Newcomers flock to Clark County

    Clark County gains nearly 7,000 residents from April 2015-April 2016.

    Clark County’s population grew to 461,010 this year and continues to grow, primarily because people are moving here.

    That may be a no-brainer to anybody clued into the tight local housing market, but population estimates released Thursday by the state Office of Financial Management show just how substantial migration to the area is.

    While the county population grew by about 10,000 people between 2015 and 2016, almost 7,000 of them were newcomers. That’s the biggest gain in newcomers since 2005-2006.

    Keep in mind that people moved away from Clark County between 2009 and 2010. And, from 2010 to 2011, the county gained just 189 newcomers.

    “Back then, people were trapped because of the housing market. A lot of people couldn’t sell their houses and couldn’t move,” said Yi Zhao, Washington’s chief demographer. “Migration was low nationwide.”

    The recent surge in new residents is part of the economic recovery story.

    Between 2015 and 2016, Washington’s population grew by 1.73 percent — the fastest pace since 2007, OFM said. About 87,000 people moved to Washington, bringing the total population to 7,183,700. Newcomers account for over 70 percent of the state’s population growth. Seattle alone gained more than 39,000 new residents.

    Clark County’s population grew 2.03 percent from April 1, 2015 to April 1, 2016, making it the third fastest-growing county in Washington behind King (2.55 percent) and Kittitas (2.44 percent) counties.

    Meanwhile, housing construction lagged behind population growth.

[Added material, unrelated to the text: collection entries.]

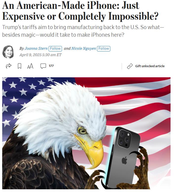 Beyaz Saray basın sözcüsü Karoline Leavitt, salı günü düzenlediği basın toplantısında Trump'ın iPhone üretimini ABD'ye getirmek için "işgücünün ve kaynaklarının olduğuna inandığını" söyledi. Beyaz Saray üretimi ABD'ye taşıma planları yapsa da büyük şirketleri büyük bir yıkım bekliyor. Pek çok ABD gazetesinde görüşüne yer verilen uzmanlara göre bunu yapmak yıllar alacak ve iPhone fiyatları ise fırlayacak.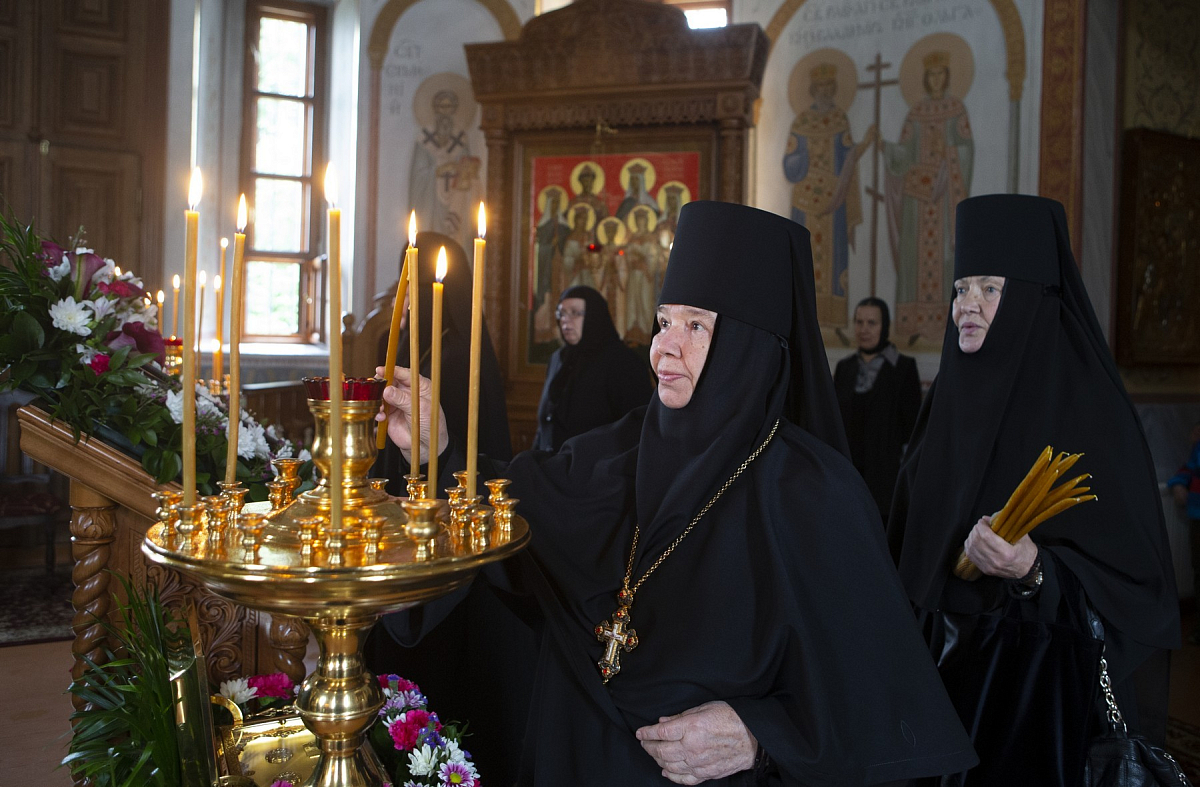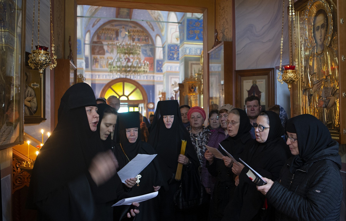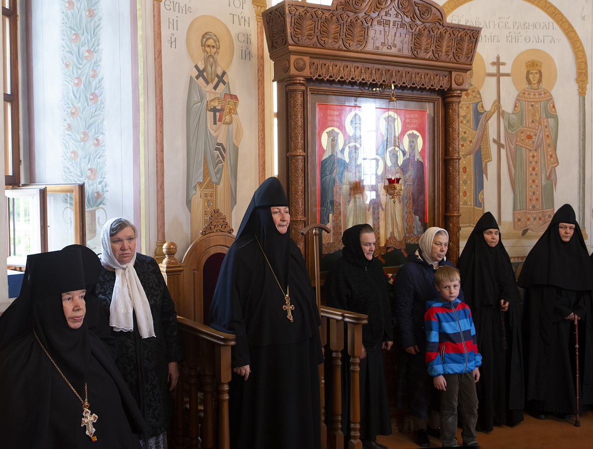 Накануне вечером собором монастырского духовенства в приделе святых благоверных князей и страстротерпцев Бориса и Глеба было отслужено торжественное всенощное бдение с литией и пением акафиста небесным покровителям обители.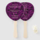 Simple, elegant, typography, marbled purple wedding program hand fans with gold modern script.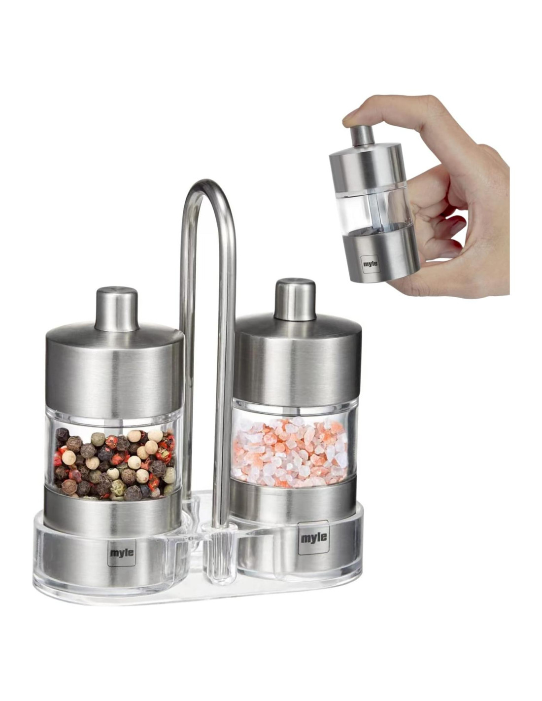 - [SOPORTE ÚNICO] El pequeño juego de molinillos de sal y pimienta tiene un soporte hecho de acrílico y acero inoxidable. Con él, el molinillo de pimienta se puede almacenar de manera más ordenada y el molinillo se puede mover fácilmente cuando sea necesario. La base de acrílico protege las encimeras de mármol o madera de rasguños de los molinillos de acero inoxidable.

The number of housing units in Clark County grew by 1.57 percent between 2015 and 2016, according to OFM data. There is a house for every 2.6 people in Clark County. At the 2010 Census, there was a house for every 2.5 people and vacancies were lower.

    Local cities

    Vancouver gained 3,100 residents, putting its population at 173,500. The city was sixth in the state for the number of people gained; it was bumped out of a higher ranking by Sammamish and Tumwater, which saw population jumps from annexation.

    Those two Puget Sound cities impacted Ridgefield’s ranking, too, but the small city of 6,870 people still continues to be one of the fastest-growing cities in the state. Having grown 7.34 percent over the last year, Ridgefield ranked fourth among cities for fastest population increase. Consider that Ridgefield’s population was 4,763 at the 2010 Census.

    New homes are quickly popping up in Ridgefield and will continue to bring in newcomers. The city issued 172 new home permits this year as of May. In 2015, the city issued 228 new home permits.

    East Clark County also saw growth from 2015 to 2016. Camas gained an estimated 600 residents, growing the population by 2.83 percent to 21,810. Washougal gained 390 residents, growing by 2.57 percent to 15,560 people.

    Battle Ground grew about as fast as the county overall, 2.03 percent, with the population estimated at 19,640 people.

    The county’s least-populated cities, La Center and Yacolt, each gained a handful of people. La Center has an estimated 3,140 residents and Yacolt has 1,655.

    With four strong years of growth in the books for Washington, Zhao said, this could be the peak.

    “We’ll have to wait and see,” she said.